Bottled smoothies, thick, fruit-flavored shakes, are a relatively new category. The base is usually milk, yogurt or soy milk which is often sweetened with fruit juices and fortified with many of the same additives as the health-oriented drinks. Ready-to-drink offerings have grown in tandem with smoothie chains like Juice It Up, Jamba Juice and Orange Julius. Many restaurants are getting into the category by blending up their own versions at the bar. Some of the current bottled offerings are Dannon Frusion, Tropicana Smoothies, Frulatte, Naked Foods, Odwalla Fruit Shakes and Yocream Smoothies.

Energy drinks is an explosive category. These fruity drinks are fueled with plenty of caffeine, plus exotic enhancements such as taurine, ginseng, guarana and mate. Red Bull, one of the first and best-known concoctions, is popular in bars and lounges where it’s mixed into cocktails or served on the side to counteract the effects of alcohol. In keeping with their twenty-something target audience, brands have high-powered monikers like Adrenaline Rush, Ripped to the Max, Rock Star, Crunch, Xtazy, Hype and Sobe Energy. One of the more unusual entrants is Nexcite Niagara Drink, which claims to be Viagra in a bottle. The pricey pour is bright blue and made from an “erotic recipe” of South American herbs, including damiana, yerba mate, schizandra, ginseng and caffeine. “Don’t drink alone,” the package warns.


Pumped up Potions

Many traditional beverages have been given a nutritional—and marketing—boost with vitamins, minerals or other additives. Most of the major orange juice producers now sell OJ enhanced with calcium (the equivalent of a glass of milk) plus Vitamin D. Examples include Tropicana Calcium & Vitamin D and Minute Maid Original & Calcium. Another OJ trend is pumping up the pulp with “Extra Pulp” varieties.
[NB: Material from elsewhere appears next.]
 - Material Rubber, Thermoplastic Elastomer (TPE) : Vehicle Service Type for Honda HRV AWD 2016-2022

Vegetable juices are usually tomato-based and contain antioxidants like lycopene and lutein. Major players include V8, Motts Clamato and Campbell Tomato Juice. Spicy and even “smoothie” variations are now on the market as well.


What’s in the Additives?

Here’s a primer on the most common enhancers fortifying ready-to-drink juices and energy drinks. Many can also be blended into house-made concoctions.

Bee pollen: Actually this is flower pollen that sticks to bees’ legs as they gather honey. It is the “perfect food,” say promoters, containing all the essentials to boost the immune system and combat fatigue. Caution: it can cause bad allergic reactions in some people.
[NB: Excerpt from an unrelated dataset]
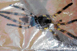 <p>The furry, longlegged arachnid, an Indian tarantula apparently belonging to the sub-family thrigmopoeinae, is large, with the dark-blue carapace being about 35 mm long and the legs on an average about 60 mm, covered with brownish hairs with yellow bands.<br /><br />Raghavendra carefully trapped the spider and took it to the Savanadurga forest, where he left it in the wild. A wildlife enthusiast, Raghavendra is known to collect snakes, spiders and scorpions and let them in the forest.<br /></p>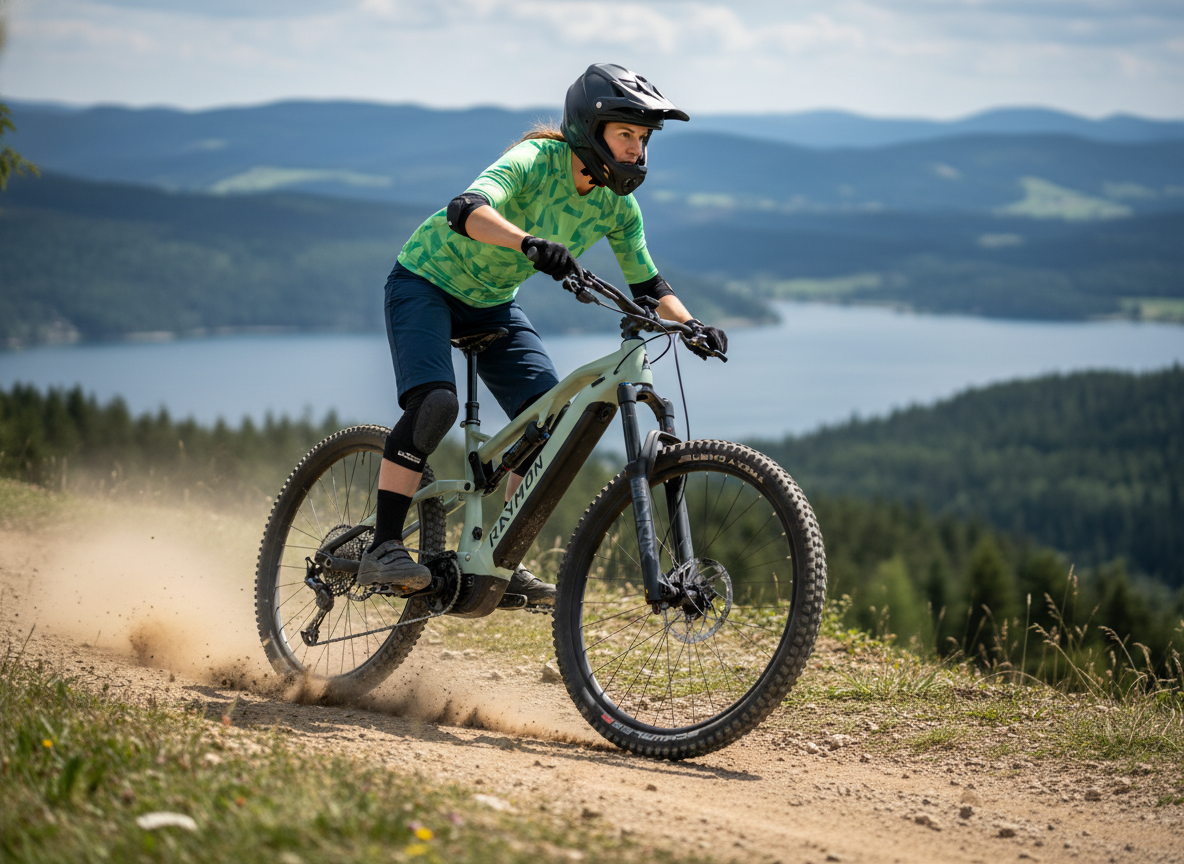Raymon Trailray 150 Pro je moderní trailové celoodpružené elektrokolo na 29" kolech, které kombinuje svižnou ovladatelnost do běžných trailů s jistotou v rychlejších a rozbitějších pasážích. Základ tvoří hliníkový rám Alloy 6061 s vyjímatelnou baterií a trailovým zdvihem 140 mm vzadu, doplněný o vidlici RockShox Lyrik Select 150 mm – tedy osvědčenou kombinaci pro ježdění od flow trailů až po techničtější sjezdy.

Calcium: This mineral is key to maintaining strong bones and may ward off high blood pressure.

Echinacea: This North American flower is believed to stimulate the immune system. The jury is still out on its effectiveness.

Ginkgo: The leaves of this ancient tree are purported to improve mental alertness and memory. They also have a blood-thinning effect, which can be dangerous in combination with other drugs.
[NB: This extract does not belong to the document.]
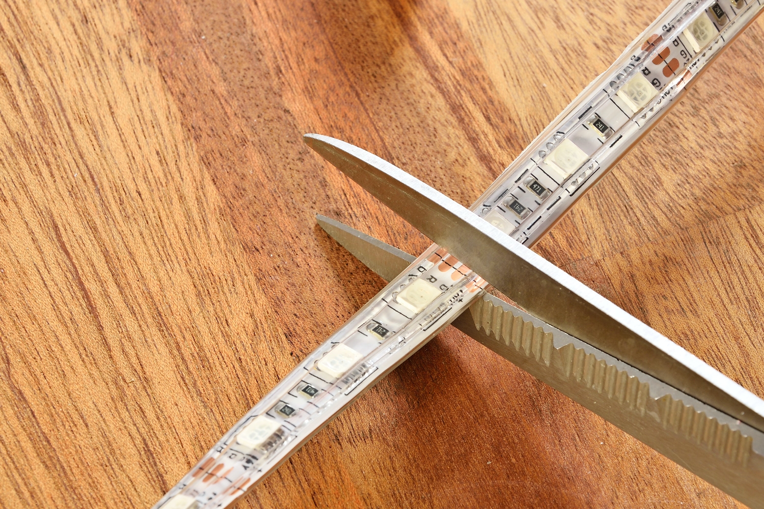 2. Klip efter stregerne. LED båndet kan afkortes for cirka hver femte centimeter. Der skal klippes præcist igennem den stiplede linje.

Ginseng: This plant’s root has long been used by the Chinese as a cure-all, with many benefits attributed to it.

Green/white tea: Proved to be a potent source of antioxidants, these teas may help prevent certain cancers, delay aging and mitigate arthritis.

Guarana: Derived from the fruit of a Brazilian plant, this stimulant goes into many South American soft drinks and is used as a booster in energy drinks.

Kava: A member of the pepper family, an extract of the root is used as a relaxant. The FDA has warned that kava can be toxic to the liver.

Rooibos: Marketed as “red tea,” leaves from this South African bush are loaded with antioxidants but no caffeine.

St. John’s Wort: This perennial is employed as an anti-depressant.

Wheatgrass: The young sprouts boast chlorophyll, amino acids and enzymes that claim to cleanse and rejuvenate the blood.

Yerba Mate: A type of holly that’s usually brewed as hot tea; extracts are appearing in ready-to-drink beverages.